How to show that $\mathbb{R}^3$ is the direct sum of $W_1={\rm span}\{(1,1,1)\}$ and $W_2={\rm span}\{(1,0,0),(1,1,0)\}$? We write linear combination  of two spans as $a(1,1,1)+b(1,0,0)+c(1,1,0)$.
Any vector $v$ in $\mathbb{R}^3$ can be expressed as $(a+b+c, a+b, a)$. Also linear combination of $W_2$ cannot form vector in $W_1$ other than $(0,0,0)$, $W_1\cap W_2=(0,0,0)$, and therefore direct sum is $\mathbb{R}^3$.  I am not sure if my method is correct, so could anyone help? 
 A: Note that you need to show that every vector in $\mathbb{R}^3$ can be expressed as
$$ (a + b + c, a + c, a) $$
and not the expression you wrote.
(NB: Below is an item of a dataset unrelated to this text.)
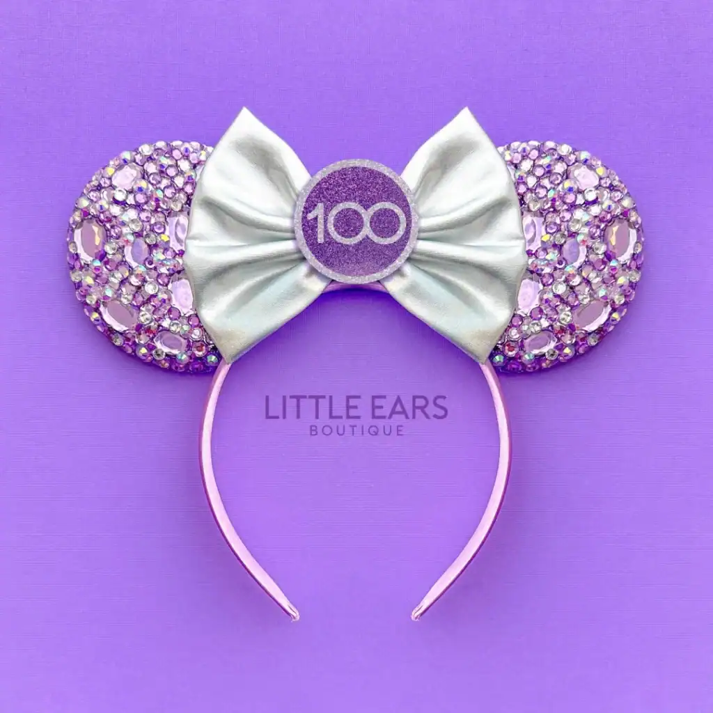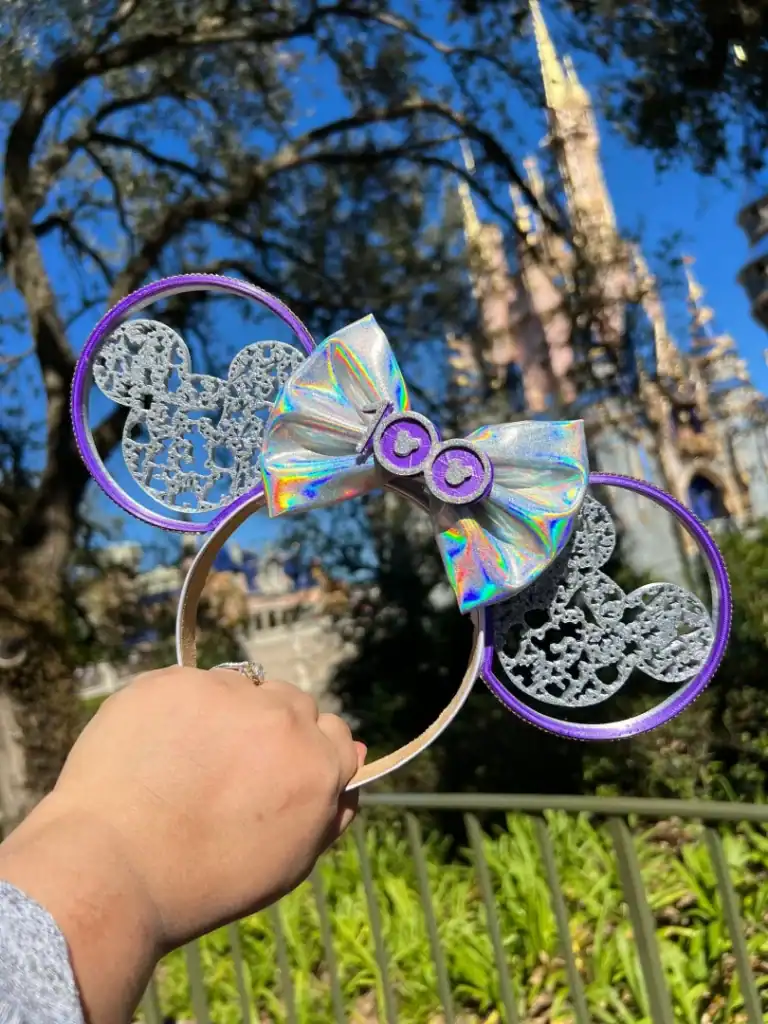 Get ready to sparkle during the celebration when you wear these silver metallic ears! Featuring silver rhinestones (including a hidden Mickey), a silver metallic bow, and a purple sequin bow, these ears definitely pop. love the double bow on these ears! The more bows, the more fun! You can get these ears on Etsy from DottiDesignsShop.

Other then that, your method is correct (and you of course need to justify why $W_1 \cap W_2 = \{ (0,0,0) \}$). If you know the theorem that relates the dimension of the intersection $W_1 \cap W_2$ with the dimension of the sum $W_1 + W_2$, then it is enough to show that $W_1 \cap W_2 = \{ (0,0,0) \}$ as this shows that $W_1 + W_2$ is three-dimensional.
A: Since $\dim W_1=1$ and $\dim W_2=2$, if $\mathbb{R}^3=W_1+W_2$ the dimension formula gives
$$
\dim(W_1\cap W_2)=\dim\mathbb{R}^3-\dim W_1-\dim W_2=0
$$
So you just need to show that
$$
\mathbb{R}^3=\operatorname{Span}\{(1,1,1),(1,0,0),(1,1,0)\}
$$
The matrix
$$
\begin{bmatrix}
1 & 1 & 1 \\
1 & 0 & 0 \\
1 & 1 & 0
\end{bmatrix}
$$
clearly has rank $3$.
A: One simple way is the classical method to put vectors $$(1,1,1),(1,0,0),(1,1,0)$$ as column in a matrix $A$ and verify that $$\forall b \in \mathbb{R^3}$$
$$Ax=b$$
has solution.
That is $\iff$ $A$ is not a singular matrix.
Thus your consideration is correct as $W_1$ and $W_2$ are independent subspaces and $dim(W_1)+dim(W_2)=3$ thus they span $\mathbb{R^3}$.